The Mayor of Castro Street
Transcending merely the gay rights movement, San Francisco City Councilman Harvey Milk was a messianic figure to many in the late 1970s, and Gus Van Sant’s biographical film gives the slain public figure his due recognition as a naturally born leader though it’s been over 30 years since his assassination by a disgruntled colleague.
Fully inhabiting Milk’s persona is Sean Penn after the role was long rumored to be going to Robin Williams. It goes without saying that Penn gives one of the bravest and most convincing performances of 2008 and the part should bring him an Oscar in a field where all nominees are well-deserving of recognition. Penn wholly becomes Milk for the length of the film, which chronicles the activist’s life from his 1970 move from his native New York to San Francisco where he sought some manner of asylum and had few intentions of becoming political until he sensed the injustices heaped upon the gay community in the nascent gay scene of the mid-1970s. Told through a flashback set in November 1978, Van Sant’s film asserts more than once that Milk forecasted his slaying much like Martin Luther King Jr. predicted that he might not live to see the realization of his own dreams of human equality.
In fact, more so than a film about a pioneer of gay rights, MILK posits its titular character as a champion for rights of all peoples, and draws parallels to other movements in the outgrowth of America’s cultural revolutionary period of the 1960s and 1970s, including civil rights, women’s rights and others of the time. Certainly, Harvey Milk became active block-by-block in San Francisco’s famed Castro district, just six blocks square, but built an entire statewide campaign against Anita Bryant and her anti-gay legislation that road-showed around the US in the late 70s. By the time of that Proposition 6, an initiative to fire gay teachers and those who support them from California schools, Milk was at last an elected official after several close but failed attempts, and worked tirelessly to defeat the proposition, which ultimately failed by a stated 2-to-1 margin.
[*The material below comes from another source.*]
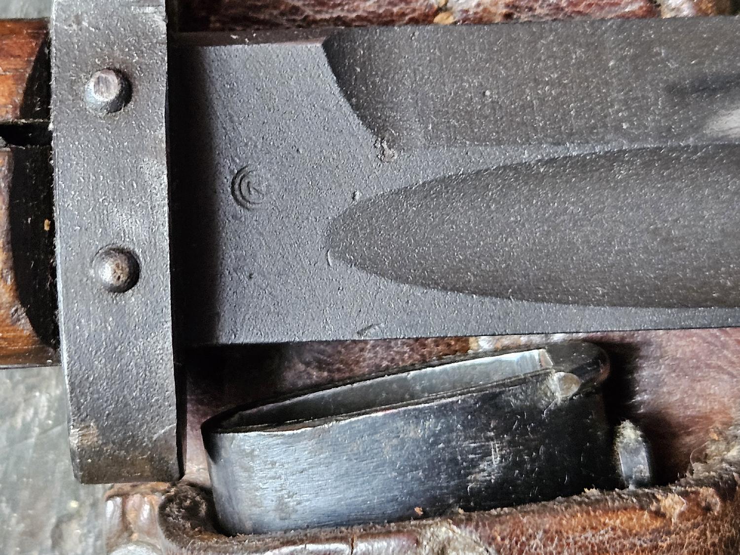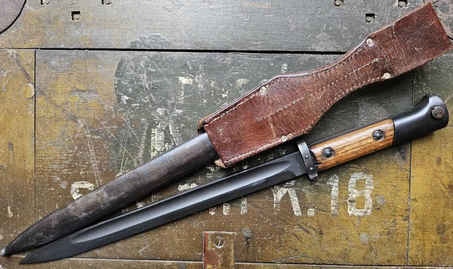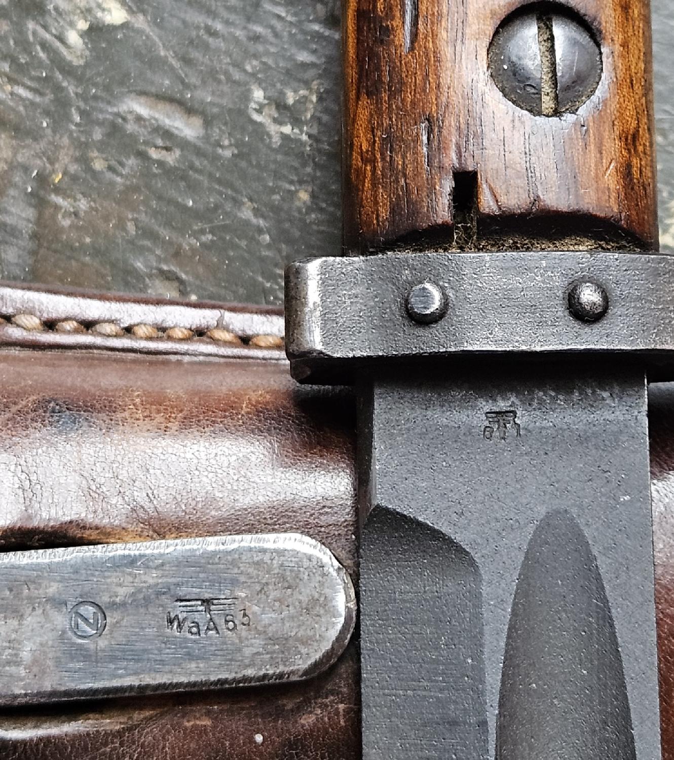Belle baïo VZ 24 fabriquée pendant l'occupation allemande. WaA607 sur la lame pour l'usine de Byrstica. WaA 607 utilisé pendant une partie de l'année 1940. Fourreau lui correspondant avec WaA63 fabrication usine de Brno. Ensemble d'origine. La trace du bouton de chape du fourreau est bien visible sur le porte fourreau ce qui implique que l'ensemble a été porté ensemble.
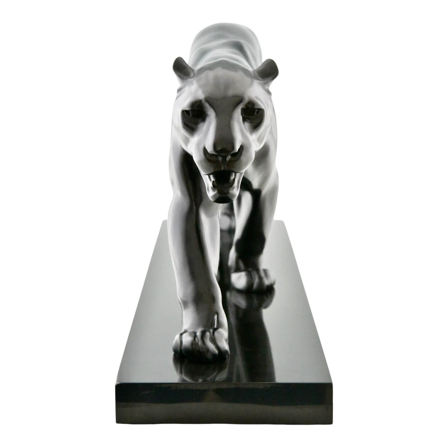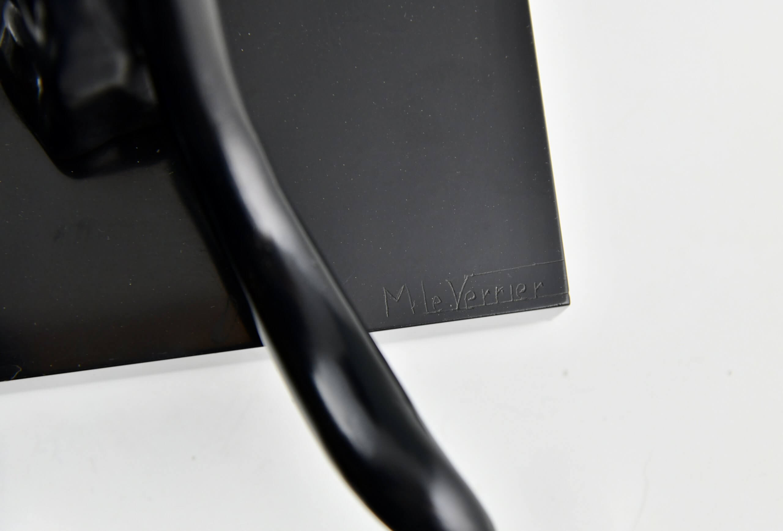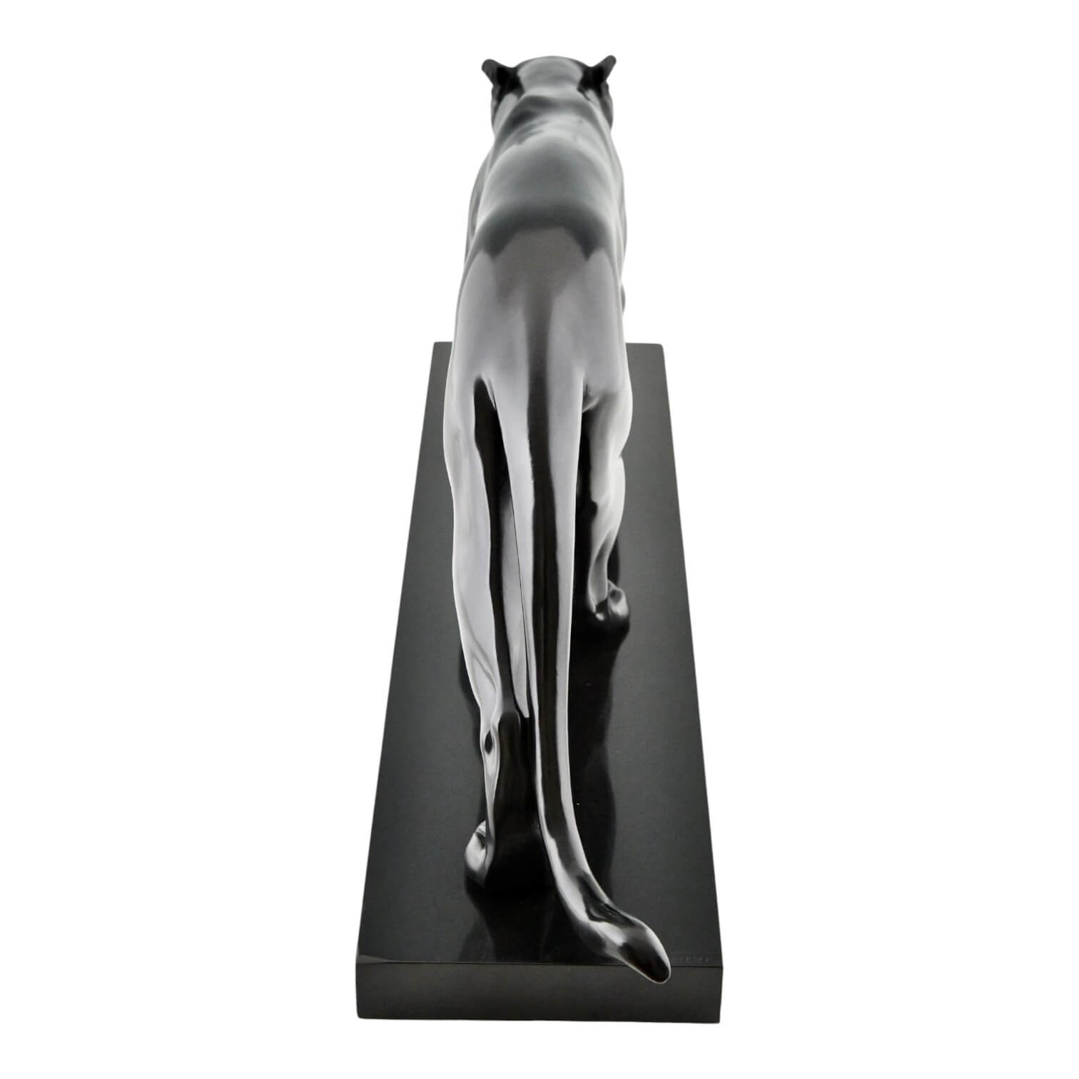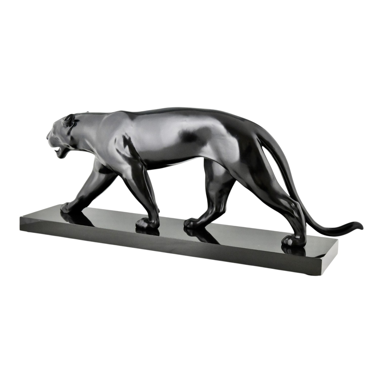 An exceptional Art Deco sculpture of a majestic panther, titled Baghera, created by renowned French artist Max Le Verrier in 1930. Crafted in art metal with a deep black patina, the sculpture rests on an elegant Belgian black marble base. The piece bears the artist’s signature M. Le Verrier and measures H. 26 cm x L. 64 cm x W. 14 cm (10.2 x 25.2 x 5.5 in). A true collector’s piece in very good condition, illustrated in Max Le Verrier, un esprit Art Déco by Wattel & Blanchet. A rare opportunity to acquire an authentic work of French Art Deco mastery.

Ultimately, Harvey Milk’s entire political life was altogether amazingly brief and was senselessly cut short by a competitive conservative on the San Francisco City Council, Dan White (knocked out of the park by a spot-on Josh Brolin), whose own demons led to the demise of at least three people, including himself. One is left to wonder what Milk would have done as a gay activist and humanist in the succeeding AIDS crisis and the current California and national cultural wars over gay marriage. Surely, there is a great deal of irony in releasing a film about a 30-year-old California proposition concerning gay rights just as another anti-gay initiative, Proposition 8, was maturing.
One can picture Penn’s Harvey Mllk lobbying against Prop 8 in the fall of 2008, standing on a makeshift stage with bullhorn in hand, 78 years old, speaking to voters, crying out, “I’m Harvey Milk, and I’m here to recruit you.” Clearly, both the movement and the message could have used his genuine persona and pure soul in recent times. Regardless of the timing of the film, Penn’s Milk is a character you are not likely to soon forget and his story should be examined by all persons, regardless of race, religion, or orientation, for, as Milk himself asked, pointing to a founding US slogan, “aren’t all men created equal?”